It’s all about small birds this time of year in my neighborhood. Chickadees are the most common in the area of my feeders. Black Capped Chickadees outnumbers chestnut chickadees 10 to 1 currently. I generally shoot my bedroom window but this one was taken in the opposite direction with the sun behind my back late on Sunday afternoon.
Specific Feedback Requested
I’ve always been worried about image quality when using extenders, especially the 2X. As it turns out, large crops don’t work very well for me but very small crops is in the image above seem to work just fine.
Technical Details
Is this a composite: No
ISO 800, 400+ 2X, F7 .1, 1250th, Sony A1, handheld
Chickadees are just SOOO CUTE AND SWEET!!! I love the pose here and the perch and BG fit so well. Wonderful sharpness and detail. The hint of brown on the left is a wonderful grace note.
Doublers seem to be all over the map in quality with various systems, but from what I’ve seen the best-matched recent ones are top-notch.
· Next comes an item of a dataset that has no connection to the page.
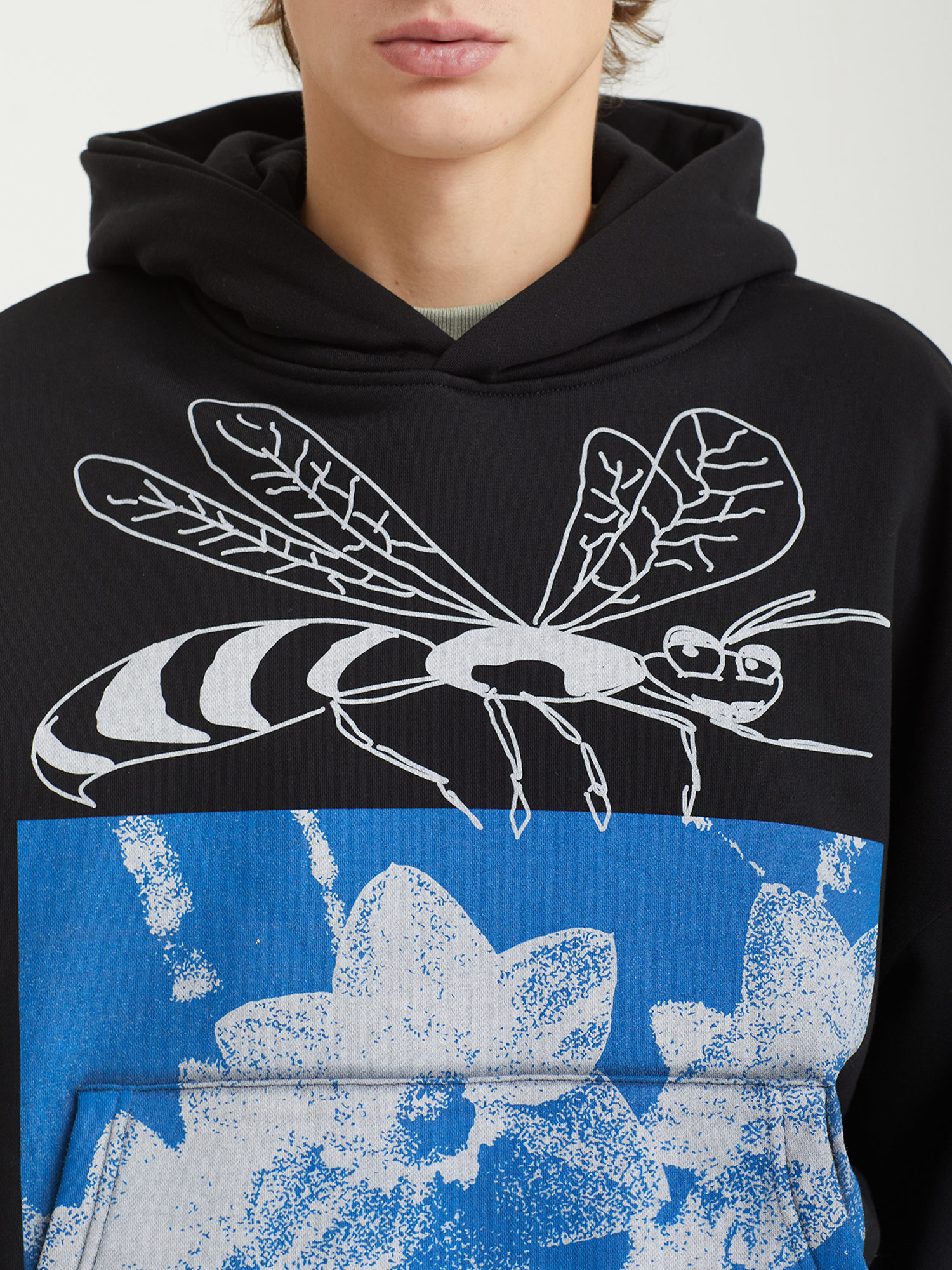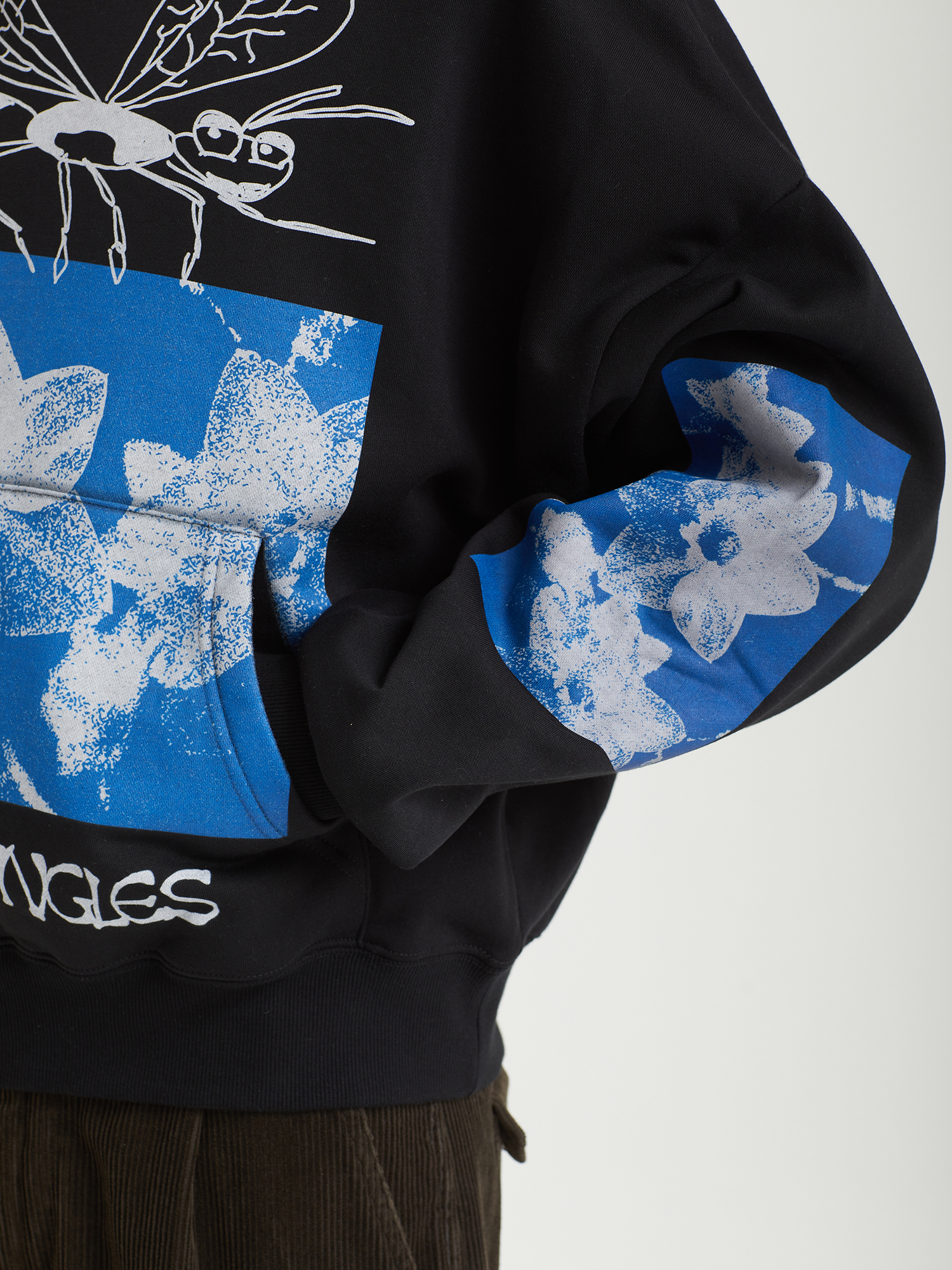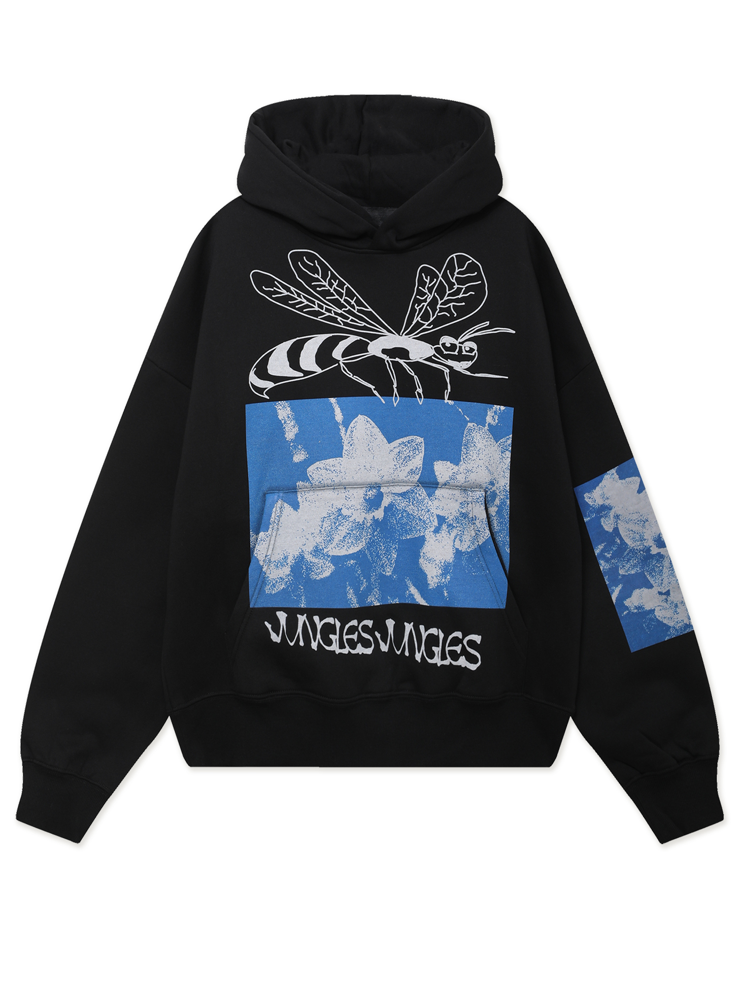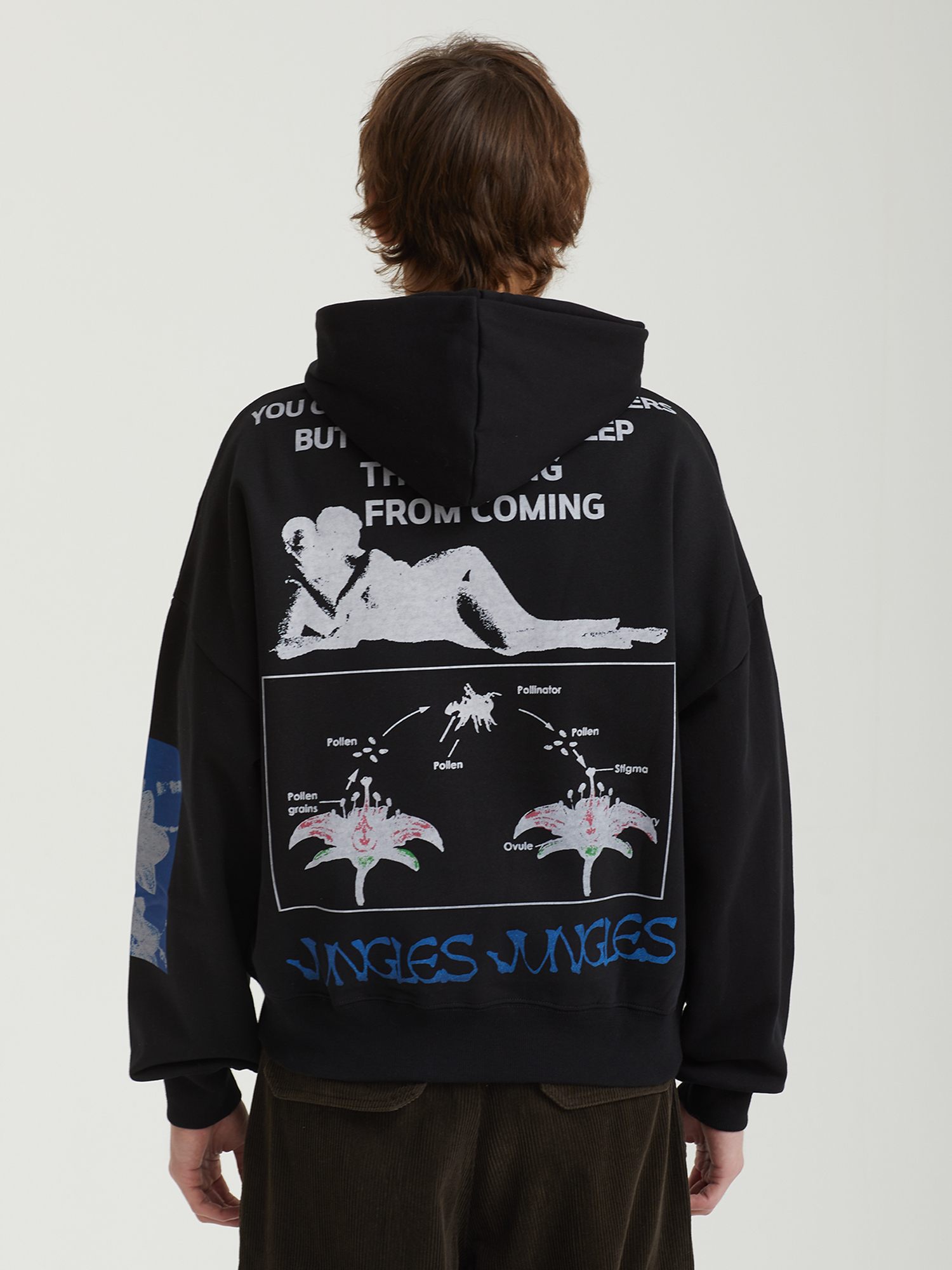 Худи Jungles Jungles из плотной ткани с ворсистой изнанкой. Изделие дополнено принтами, посвященными творчеству чиллийского поэта Пабло Неруда. Бренд прошел сертификацию BSCI — инициативы по соблюдению социальных норм бизнеса.

Lovely, David. The pose and perch are perfect and the background is typical northwest. I’ve had the same reaction to doublers. I think the problem boils down to distance from the camera. If you’re using the doubler to make a small bird fill the frame from a fairly close distance it works, but if you’re trying to get a larger bird at a great distance, then the physics starts working against you and any camera movement covers a lot more pixels and starts destroying your image quality. The only way around that is super rock solid mounting which Diane seems to have figured out.